Deep Q-Learning Network. The encoder MLP transforms input features for generalization purposes that are then passed to the Q_Net to predict the reward for possible actions. Forward action to process the input. While being arguably the simplest model we have, DQN had the best and most consistent performance. This has also been noted by the authors of the graph MARL paper we reference.

In [None]:
class DQN(nn.Module):
    """
    Introduces simple Deep Feed Forward Neural Network( = MLP) as the encoder.
    """

    def __init__(self, in_features, mlp_units, num_actions, activation_fn):
        super(DQN, self).__init__()

        self.encoder = MLP(in_features, mlp_units, activation_fn)   # Encodes incoming features
        self.q_net = Q_Net(self.encoder.out_features, num_actions)  # Outputs Q-values
        self.activation = activation_fn

    def forward(self, x, mask):
        batch, agent, features = x.shape
        h = self.encoder(x)
        q = self.q_net(h)
        return q


## CommNet

In [None]:
class DQNR(nn.Module):
    """
    Recurrent DQN with an lstm cell.
    """

    def __init__(self, in_features, mlp_units, num_actions, activation_fn):
        super(DQNR, self).__init__()
        self.encoder = MLP(in_features, mlp_units, activation_fn)
        self.lstm = nn.LSTMCell(
            input_size=self.encoder.out_features, hidden_size=self.encoder.out_features
        )
        self.state = None
        self.q_net = Q_Net(self.encoder.out_features, num_actions)

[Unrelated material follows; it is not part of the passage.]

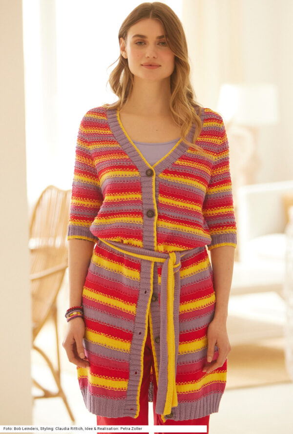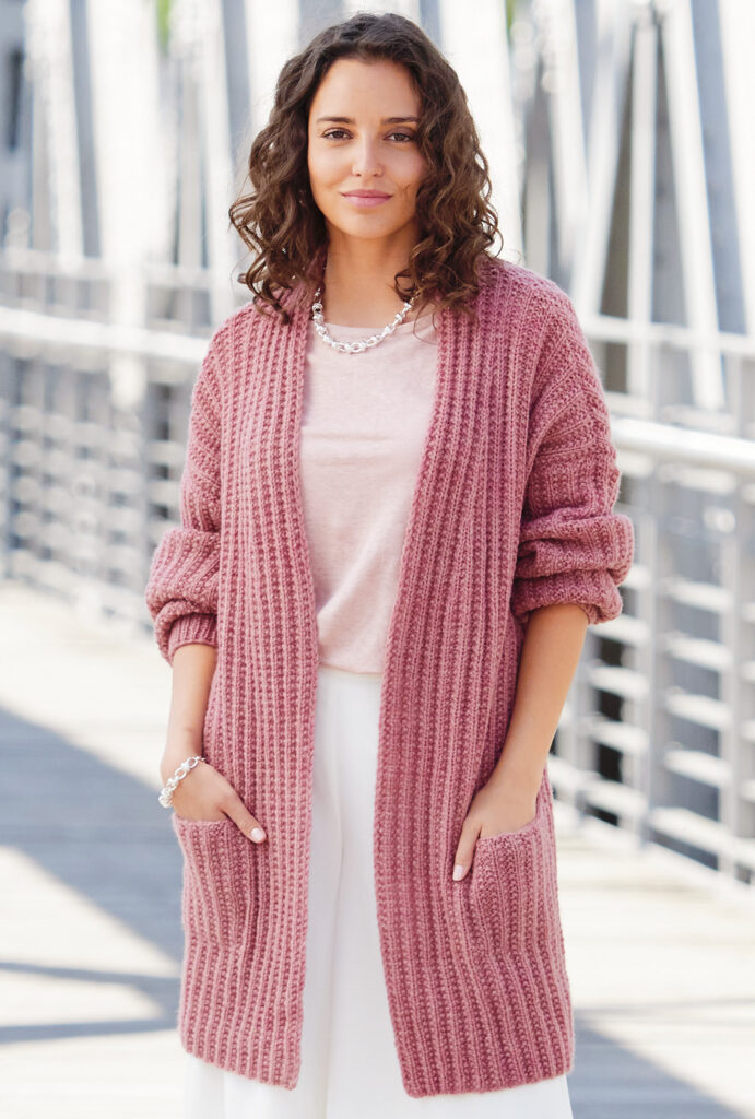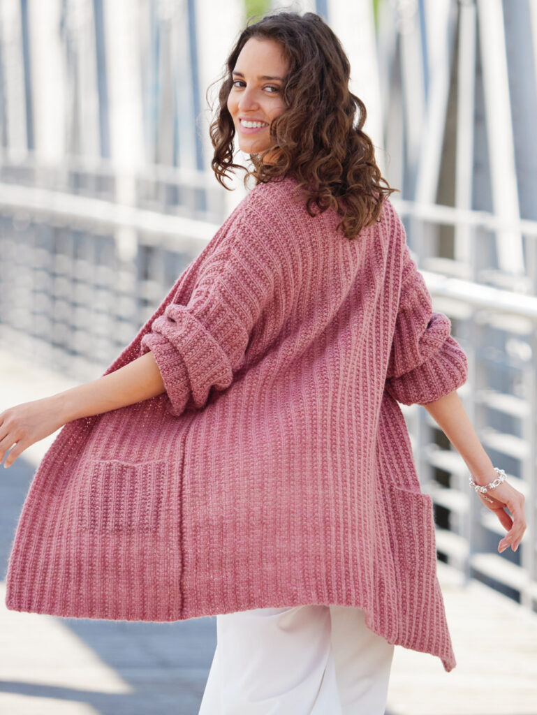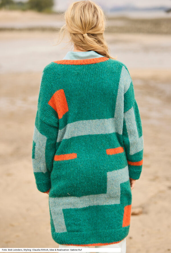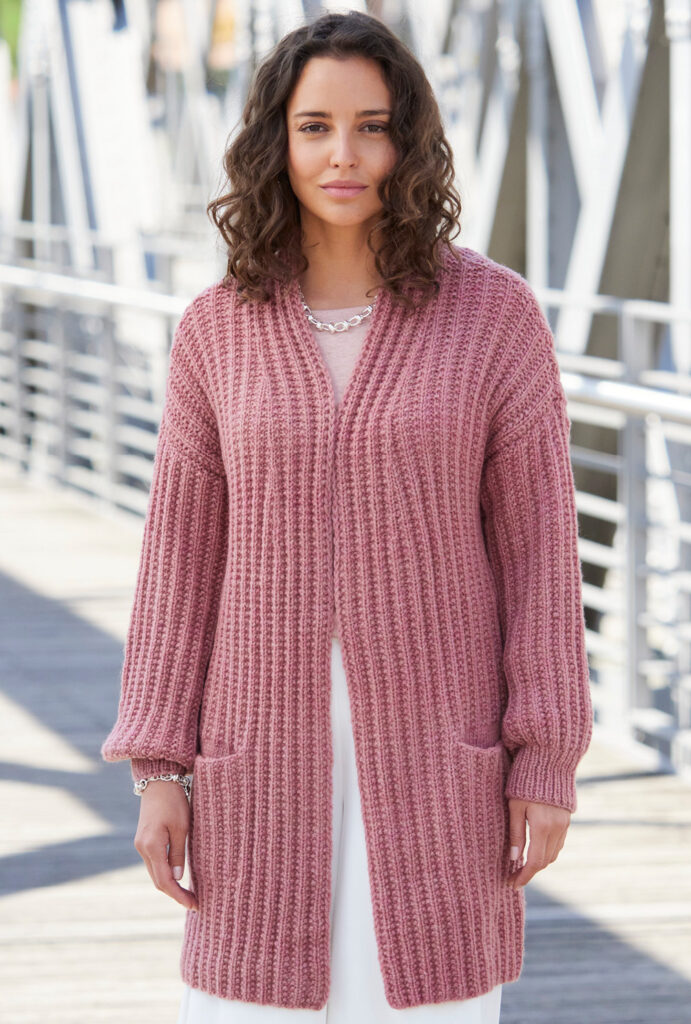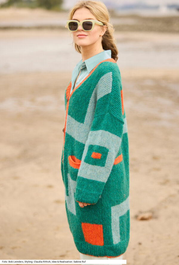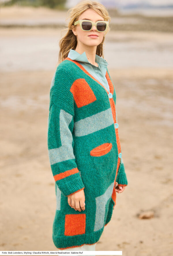 Mit kurzen Strickmänteln geht’s schwungvoll in den Winter. Dieser besteht aus Rippenstrukturen, der Schnitt samt Kragenblende ist perfekt gestaltet und eingearbeitete Taschen gibt es auch noch – was will man mehr! Gerade Teile mit Schulter- und V-Ausschnittschrägung machen das Zusammennähen einfach, wird doch die Reversblende gleich mitgestrickt. Unkompliziert ist auch das Reliefmuster, nur aus rechten und linken Maschen, und die unterlegten Taschenbeutel in glatt rechts. Ein weiches Garn aus Schurwolle und Kamel mit einer langen Lauflänge (mit 6er-Nadeln gestrickt) machen diesen rosenholzfarbenen Mantel zum Leichtgewicht. Eine Anleitung steht für die Größen 38/40, 42/44 und 46/48 zur Verfügung.

    def get_state_len(self):
        return 2 * self.lstm.hidden_size

    def _state_reshape_in(self, batch_size, n_agents):
        """
        Reshapes the state of shape
            (batch_size, n_agents, self.get_state_len())
        to shape
            (2, batch_size * n_agents, hidden_size).

        :param batch_size: the batch size
        :param n_agents: the number of agents
        """
        self.state = (
            self.state.reshape(
                batch_size * n_agents,
                2,
                self.lstm.hidden_size,
            )
            .transpose(0, 1)
            .contiguous()
        )

    def _state_reshape_out(self, batch_size, n_agents):
        """
        Reshapes the state of shape
            (2, batch_size * n_agents, hidden_size)
        to shape
            (batch_size, n_agents, self.get_state_len()).

        :param batch_size: the batch size
        :param n_agents: the number of agents
        """
        self.state = self.state.transpose(0, 1).reshape(batch_size, n_agents, -1)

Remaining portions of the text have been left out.